2. The lens attachment of claim 1, in which each of the inner mirrors is
mounted at an angle of 45.degree. to the optical axis of the lens.
3. The lens attachment of claim 1 further comprising tandem means for
adjusting the angle of the inner mirrors to the optical axis of the lens,
such that both inner mirrors maintain the same angle to the optical axis
of the lens as the angle is adjusted.
4. The lens attachment of claim 3 in which the tandem means for adjusting
the angle of the inner mirrors comprises:
a) a center block located at the intersection of the optical axis of the
lens and the centerline of the outer mirrors, having a first bore oriented
along the optical axis of the lens, and a second bore along the centerline
of the mirrors;
b) a center pivot at the point where the edges of the two inner mirrors are
connected together, the connection between the two mirrors being movable;
c) a slide located on the centerline of the mirrors, passing through the
second bore in the center block and centered on the optical axis of the
lens, having two ends and a length sufficient that the ends of the slide
extend at least past the inner mirrors on the centerline of the mirrors;
d) two sliding pivots, each having a bore through which the slide is
slidably inserted, and a pivot upon which one of the inner mirrors is
pivotably mounted at its centerline;
such that when the center pivot is moved along the optical axis toward the
center block, the sliding pivots to which the inner mirrors are attached
slide outward on the slide and the inner mirrors pivot thereon, flattening
the angle between the inner mirrors and the optical axis and maintaining
each inner mirror at the same angle to the optical axis of the lens.
5. The attachment of claim 4, in which the first bore of the center block
is threaded; and the attachment further comprises a threaded adjustment
rod having matching threads, passing through the first bore of the center
block and being attached to the center pivot, such that the center pivot
is moved along the optical axis of the lens as the threaded adjustment rod
is turned within the threaded first bore.

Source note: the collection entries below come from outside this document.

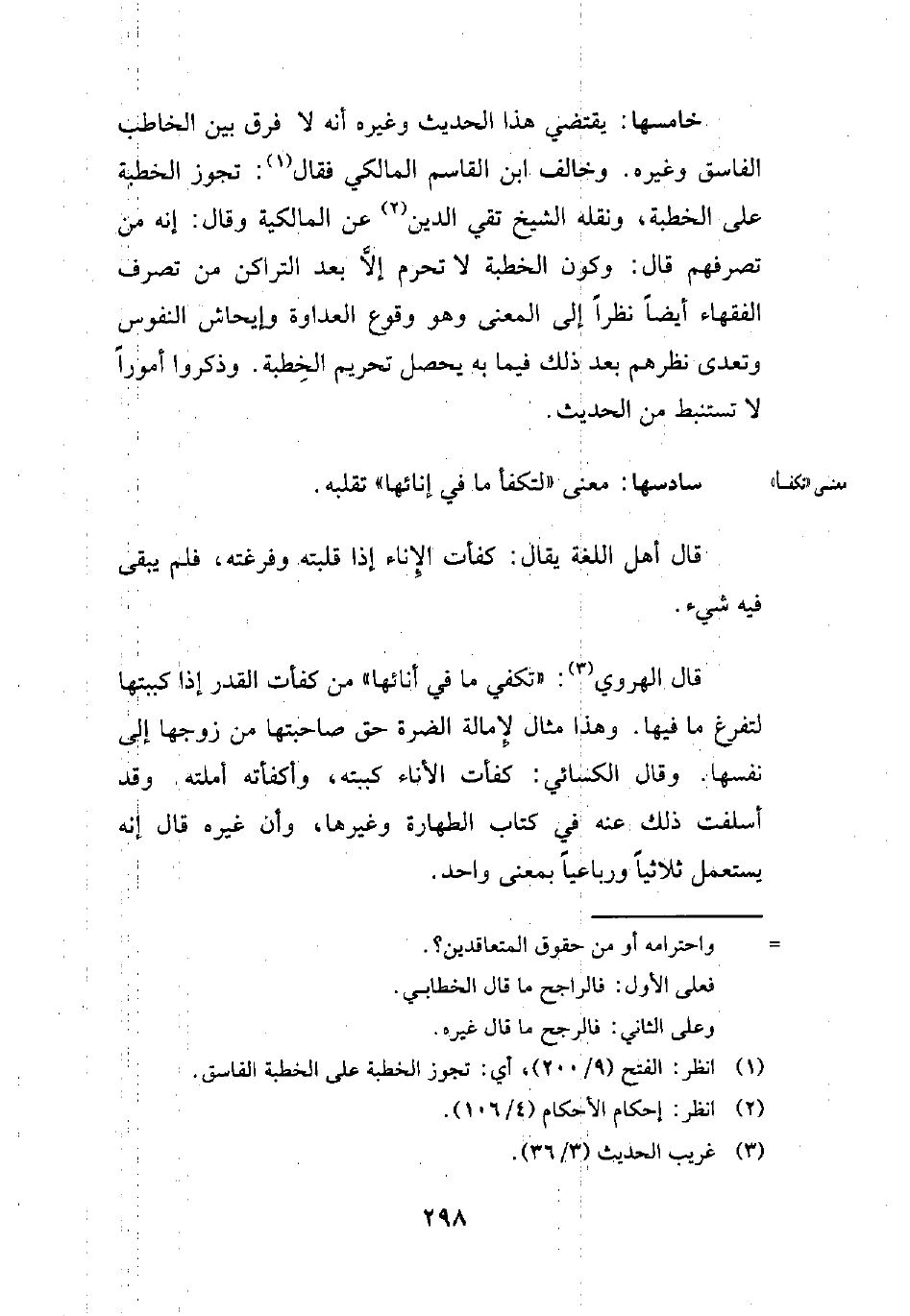 خامسها: يقتضي هذا الحديث وغيره أنه لا فرق بين الخاطب الفاسق وغيره. وخالف ابن القاسم المالكي فقال (¬1): تجوز الخطبة على الخطبة، ونقله الشيخ تقي الدين (¬2) عن المالكية وقال: إنه من تصرفهم قال: وكون الخطبة لا تحرم إلاَّ بعد التراكن من تصرف الفقهاء أيضاً نظراً إلى المعنى وهو وقوع العداوة وإيحاش النفوس وتعدى نظرهم بعد ذلك فيما به يحصل تحريم الخِطبة. وذكروا أموراً لا تستنبط من الحديث.
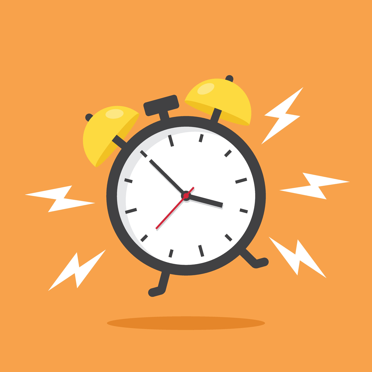 黄色卡通时钟时间中标闹钟元素手绘扁平风人物工作元素原创插画海报
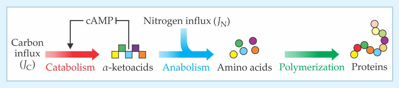 Figure 2. In a coarse-grained model of Escherichia coli metabolism, catabolic proteins degrade carbohydrates into molecules known as α-ketoacids; anabolic proteins assimilate nitrogen and convert α-ketoacids into amino acids; and ribosomal proteins polymerize amino acids to build new proteins. The α-ketoacids accumulate or deplete depending on the relative carbon (JC) and nitrogen (JN) fluxes. A balance is maintained with the help of a negative feedback loop, in which α-ketoacids inhibit the production of cAMP, a messenger molecule that activates the synthesis of catabolic proteins. (Adapted from ref.
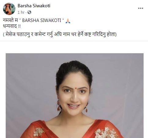 जसले गर्दा वर्षा सिवाकोटीले सामाजिक संजालमा आफ्नो एक फोटो पोष्ट्याउँदै लेखेकी छिन् – नमस्ते म वर्षा सिवाकोटी धन्यवाद । मेसेज पठाउनु र कमेन्ट गर्नु अघि नाम थर हेर्ने कष्ट गरिदिनु होला ।

6. The lens attachment of claim 3 in which the tandem means for adjusting
the angle of the inner mirrors comprises:
a) a center pivot at the point where the edges of the two inner mirrors are
connected together, the connection between the two mirrors being movable;
b) a first ganging rod, having a first end flexibly attached to an inner
mirror near the edge of the mirror most remote from the center pivot and a
second end flexibly attached to the outer mirror located on the same side
of the optical axis of the lens;
c) a second ganging rod, having a first end flexibly attached to the other
inner mirror near the edge of the mirror most remote from the center pivot
at the same point of attachment as the first end of the first ganging rod
is attached to its inner mirror, and a second end flexibly attached to the
outer mirror located on the same side of the optical axis of the lens at a
point on the outer mirror which is the same point at which the second end
of the first ganging rod is attached to its outer mirror;
such that when the outer mirrors are moved upon their pivots, the first and
second ganging rods cause the inner mirrors to move equally, oppositely,
and simultaneously.
7. The attachment of claim 6, in which the point of attachment of the
second end of the first and second ganging rods to the outer mirrors is
near the center of the outer mirrors.
8. The attachment of claim 6, in which the point of attachment of the
second end of the first and second ganging rods to the outer mirrors is
near the pivot point of the outer mirrors.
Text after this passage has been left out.